É com o coração cheio de clorofila e a mente nublada pelo vapor da panela que venho defender a nossa herança hortícola! Como ousam criticar as “boas intenções” de quem nos governa? Não percebem que a governação é como uma horta biológica? Não se faz sem estrume, e o resultado, por norma, é para enterrar.

Somos um país de nabos. Mas que falta de visão! O nabo não é um defeito, é um projeto estratégico. Se não temos agricultura de exportação, temos a “cultura de importação de nabice”. Portugal não é um país, é um caldo verde gigante onde todos boiamos, esperando que a chouriça do orçamento nos toque à porta (embora saibamos que a chouriça é sempre para os mesmos).

Dizem que o problema reside na “nabinha”, na semente. Pois eu digo que a semente é de ouro! Onde é que se encontra um povo que elege o Nabo A para se vingar do Nabo B, sabendo que ambos vêm do mesmo canteiro e partilham o mesmo adubo (pago por nós)? Isso não é estupidificação, é coerência gastronómica! Queremos que a sopa saiba sempre ao mesmo para não estranharmos o paladar da mediocridade.

Vejamos as vantagens desta nossa “Brassica” sociedade:

1. Resiliência: O nabo cresce em qualquer lado, tal como o contribuinte português sobrevive a qualquer imposto.

2. Versatilidade: O Nabo 1 (o eleitor) é o único vegetal no mundo que vota para ser descascado e ainda agradece o “sentido de Estado” de quem segura a faca.

3. Ecologia: O nosso “nabal” é tão extenso que já nem precisamos de charadas de pré-campanha. Basta um cartaz com uma foto retocada e uma promessa murcha para a rama abanar de contentamento.

Criticar os “propósitos bem-intencionados” do Governo é um atentado contra a nossa biodiversidade. Se o que é “Nacional é bom”, então o nosso nabo é de denominação de origem protegida!

Parem de pensar! O pensamento é uma erva daninha que estraga a plantação.

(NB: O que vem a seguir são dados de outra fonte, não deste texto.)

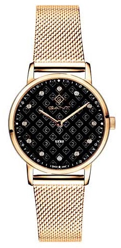 Tässä näyttävässä Gantin kellossa on ruostumattomasta teräksestä valmistettu runko ja ranneke. Kellotaulu on 32 millimetriä leveä ja kellotaulun sävy on tyylikkään musta, jossa on hienoja yksityiskohtia. Kellon indeksit ovat swarovskin kristalleja. Kello on roiskevesitiivis eli sen vedenkesto on 5 bar. Rannekello saa virtansa paristolla toimivasta kvartsikoneistosta.

Sigamos o exemplo da nabinha: cresçamos espontaneamente, sem discernimento, e deixemo-nos cozer em lume brando até ficarmos bem tenrinhos. Afinal, no grande banquete da Europa, alguém tem de ser o acompanhamento que ninguém pediu, mas que todos esperam que esteja no prato.

Viva o Nabal! E, por favor, passem o sal, que a realidade está difícil de engolir.